Thus, to maintain the rigor of the screening process, the studies obtained from each of the databases based on the eligibility criteria were exported to a reference management software (EndNote; Clarivate Analytics), and duplicates were removed. The remaining studies were then imported into the Rayyan application (Qatar Computing Research Institute) for analysis and selection based on titles and abstracts.
The titles and abstracts were read and analyzed by 2 independent reviewers to identify those that were potentially eligible.

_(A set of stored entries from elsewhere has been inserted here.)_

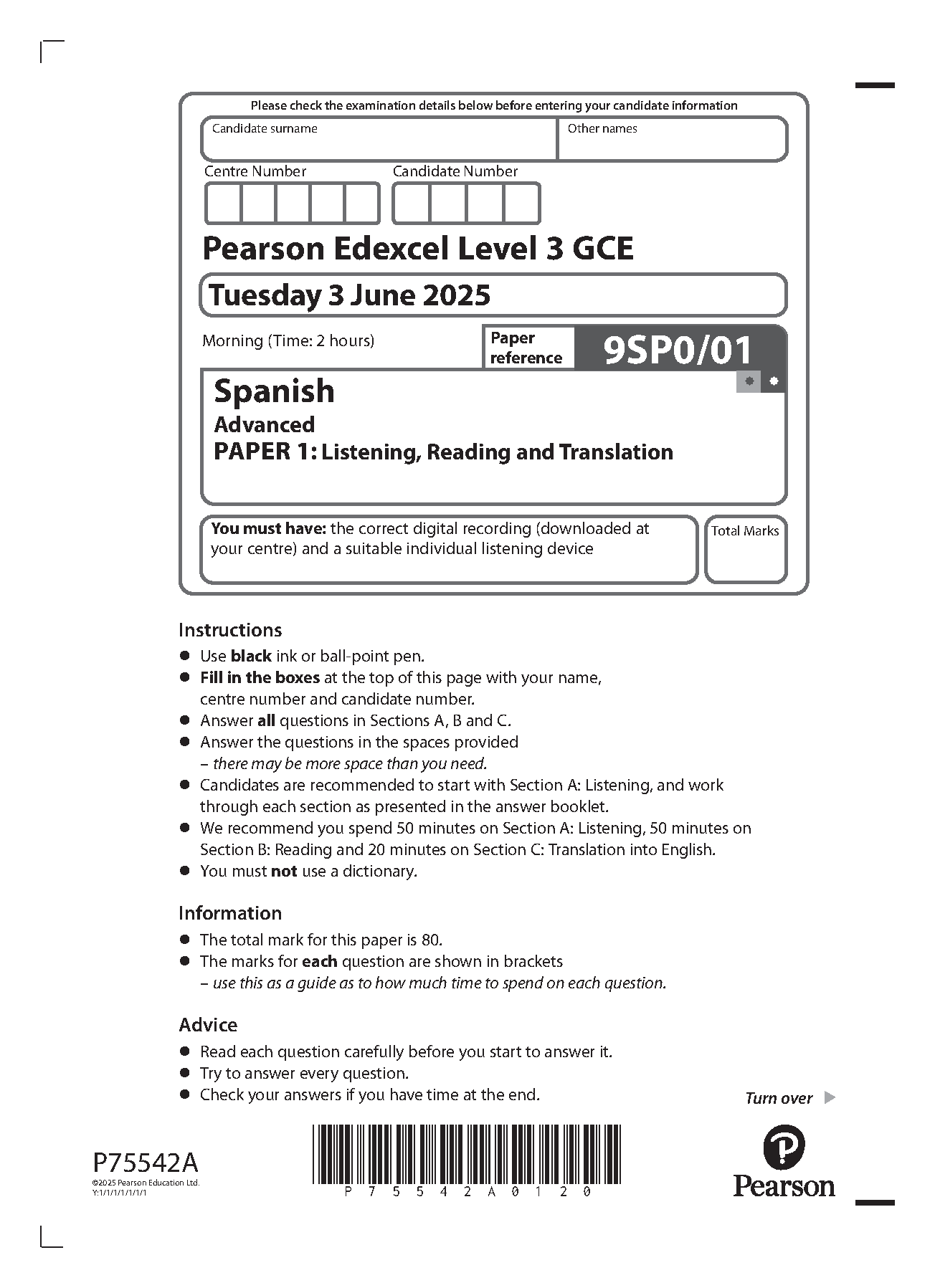 2025 Pearson Edexcel A Level Spanish PAPER 1 and Mark Scheme Combined (9SP0/01: Listening, Reading and Translation). 2025 Pearson Edexcel A Level Spanish PAPER 1 and Mark Scheme Combined (9SP0/01: Listening, Reading and Translation) Pearson Edexcel A and AS Papers and Mark Schemes
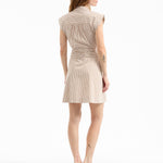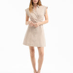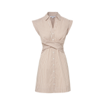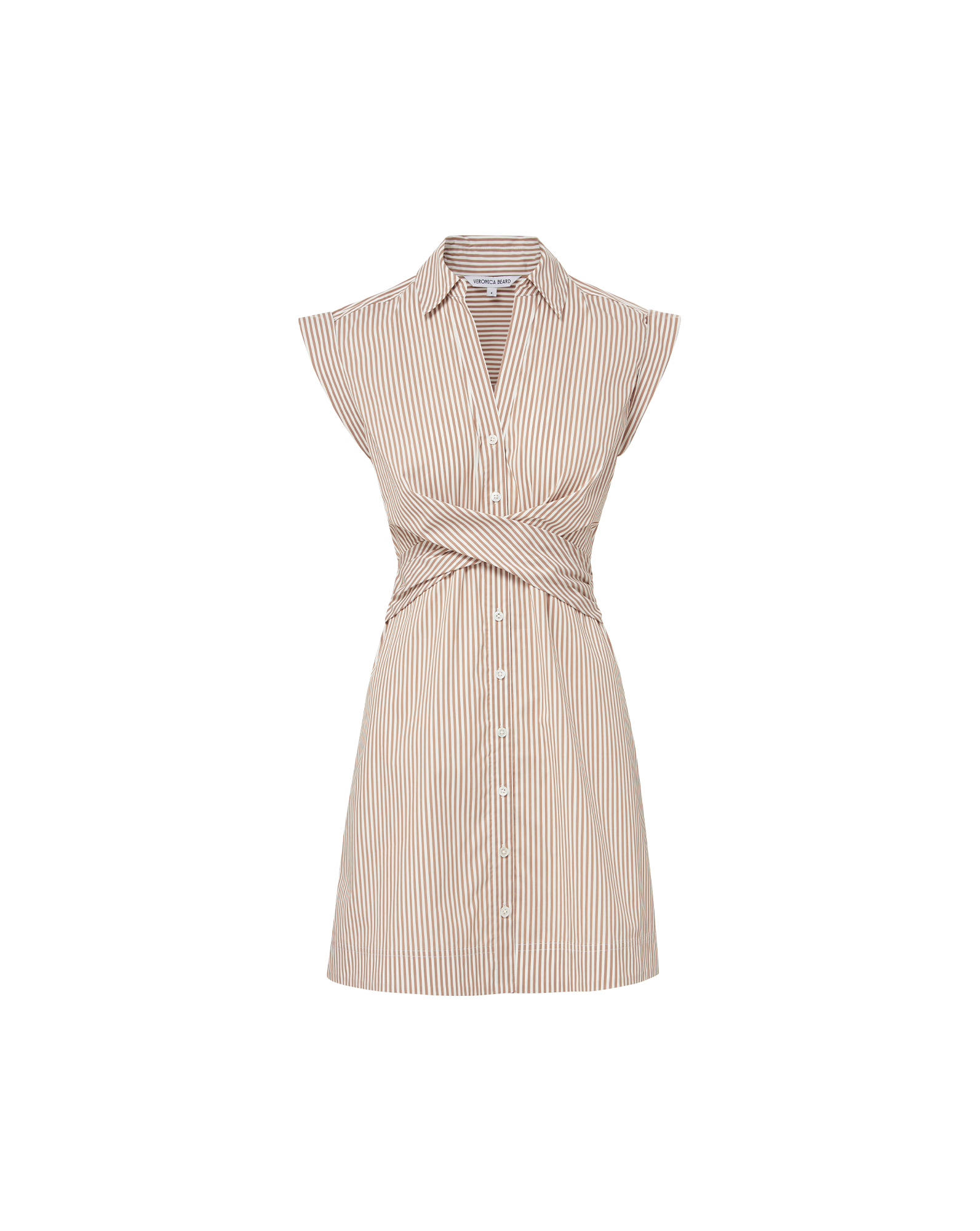 The shirtdress, reimagined. Expertly tailored from crisp cotton, the Nagano mini dress is defined by a crossover waist construction that creates a flattering cinching effect. Finished with cap sleeves and a collared V-neck, the dress comes in versatile brown-and-white stripes. Pair with flat sandals and shades for the perfect weekend look.
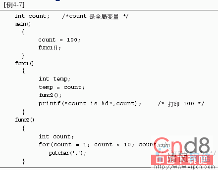 仔细研究此程序后,可见变量count既不是main()也不是func1()定义的,但两者都可以使用它。函数func2()也定义了一个局部变量count。当func2访问count时,它仅访问自己定义的局部变量count,而不是那个全局变量count。切记,全局变量和某一函数的局部变量同名时,该函数对该名的所有访问仅针对局部变量,对全局变量无影响,这是很方便的。然而,假如忘记了这点,即使程序看起来是正确的,也可能导致运行时的奇异行为。
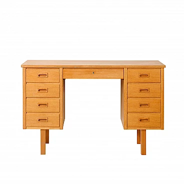 Scrivania scandinava in teak con nove cassetti, anni '60
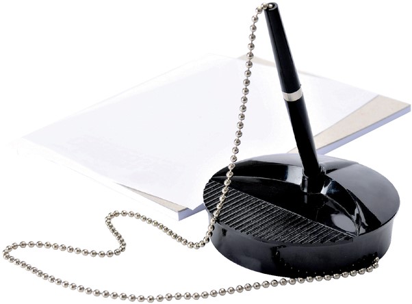 Met zelfklevende kussentjes voor bevestiging op toonbank of bureau.
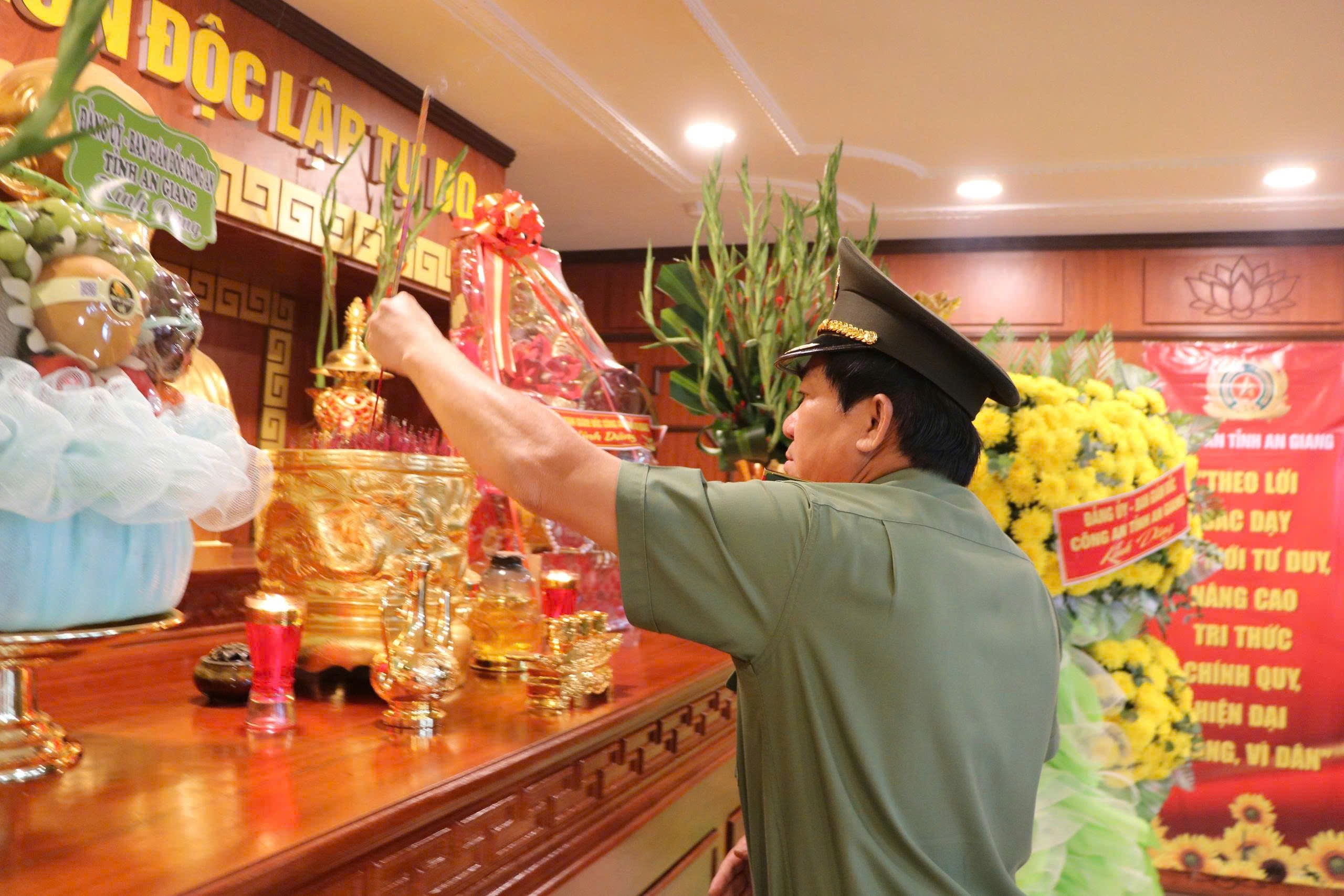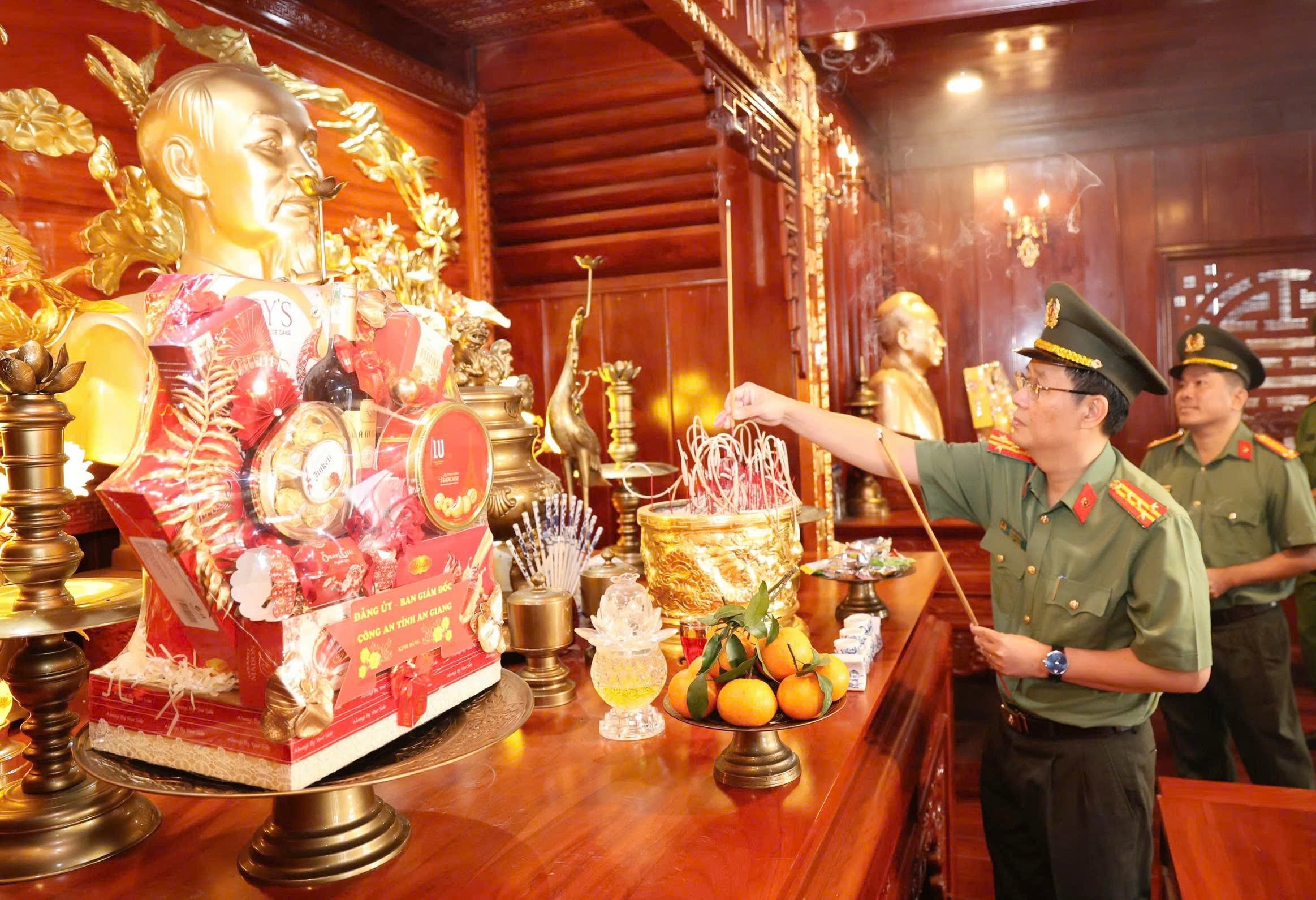 Cũng trong sáng cùng ngày, đoàn đã dâng hoa, dâng hương tại phòng thờ Chủ tịch Hồ Chí Minh ở trụ sở làm việc Công an tỉnh. Trước anh linh Bác Hồ kính yêu, Đảng ủy – Ban Giám đốc Công an tỉnh An Giang hứa tuyệt đối trung thành với Đảng, Nhà nước và Nhân dân; không ngừng tu dưỡng, rèn luyện phẩm chất đạo đức cách mạng theo tư tưởng, đạo đức, phong cách Hồ Chí Minh và Sáu điều Bác Hồ dạy Công an nhân dân; nêu cao trách nhiệm, giữ nghiêm kỷ luật, kỷ cương, đoàn kết thống nhất, phát huy truyền thống vẻ vang của lực lượng Công an nhân dân, quyết tâm xây dựng lực lượng thật sự trong sạch, vững mạnh, chính quy, tinh nhuệ, hiện đại, đáp ứng yêu cầu nhiệm vụ trong tình hình mới.
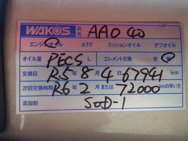 次回のオイル交換は来年の2月か72,000㎞です。
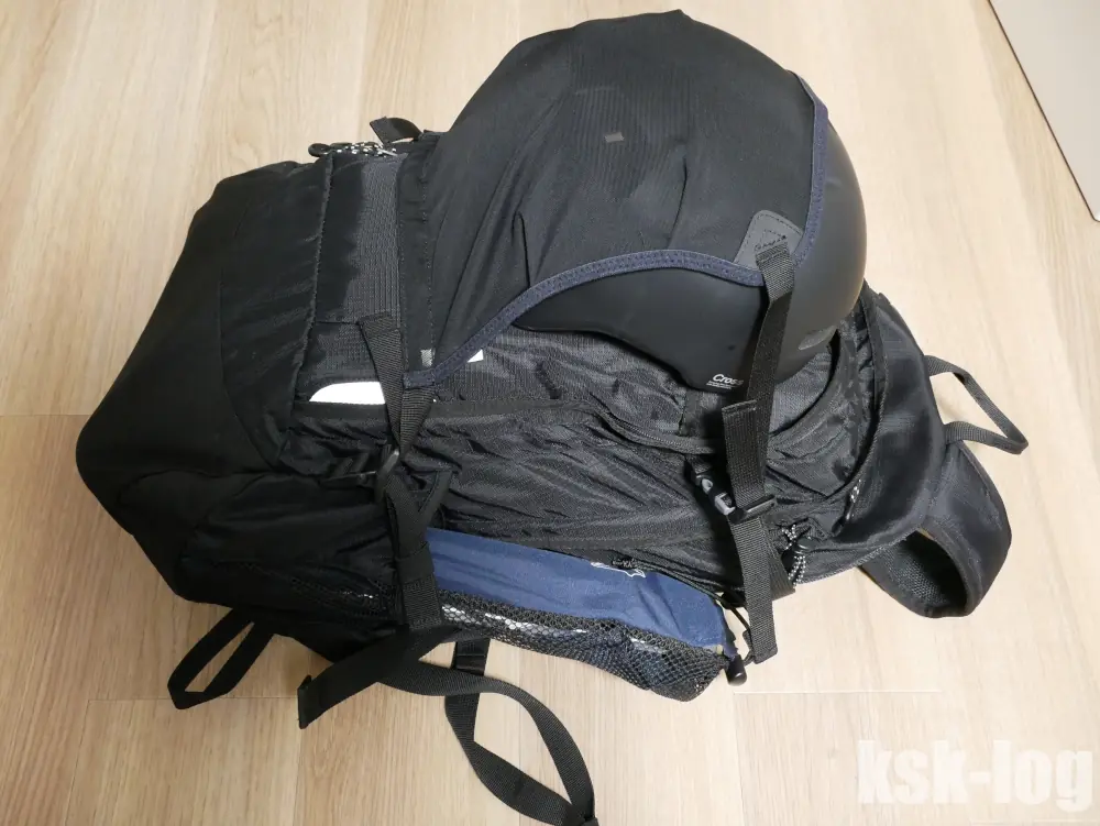 インラインスケートの用具は嵩張りますが、このうちヘルメットをリュックの外側にヘルメットホルダーで取り付ければブーツをリュックに入れる余裕ができるのではないかと考えました。
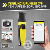 Bu appSensörlü BP21WP, MultiMeasure telefon uygulaması ile birlikte infrared ölçümlü temassız yüzey sıcaklığı ölçer. Akıllı appSensörü ve ücretsiz telefon uygulamasından oluşan kombinasyon ile kullanıcılar birçok avantajlarından faydalanır: esnek kullanım, analiz fonksiyonu, veri kontrolü ve dokümantasyon.

After reading the titles and abstracts, the preselected studies were subjected to data analysis and mapping, which consisted of carefully reading and classifying the texts from which the results were extracted.
The selected studies were read in full by 2 additional reviewers (MdPSdSN and PdCT) to confirm their relevance to the research question. Any doubts about the inclusion of studies would be resolved through discussion with a third reviewer until a consensus was reached. It was not necessary to contact a third reviewer.
Data Extraction and Analysis
As recommended by the JBI, the authors developed a tool to extract the data for the scoping review. Those responsible for data extraction (MdPSdSN, PdCT, and PMM) read and carefully classified the texts. The data were documented in a Microsoft Excel (Microsoft Corp) spreadsheet for better data extraction and evaluation. The final studies were determined from this step. The following variables were extracted from the studies: symptoms, authors, year, reference, study title, objective, study design, and mapping of results.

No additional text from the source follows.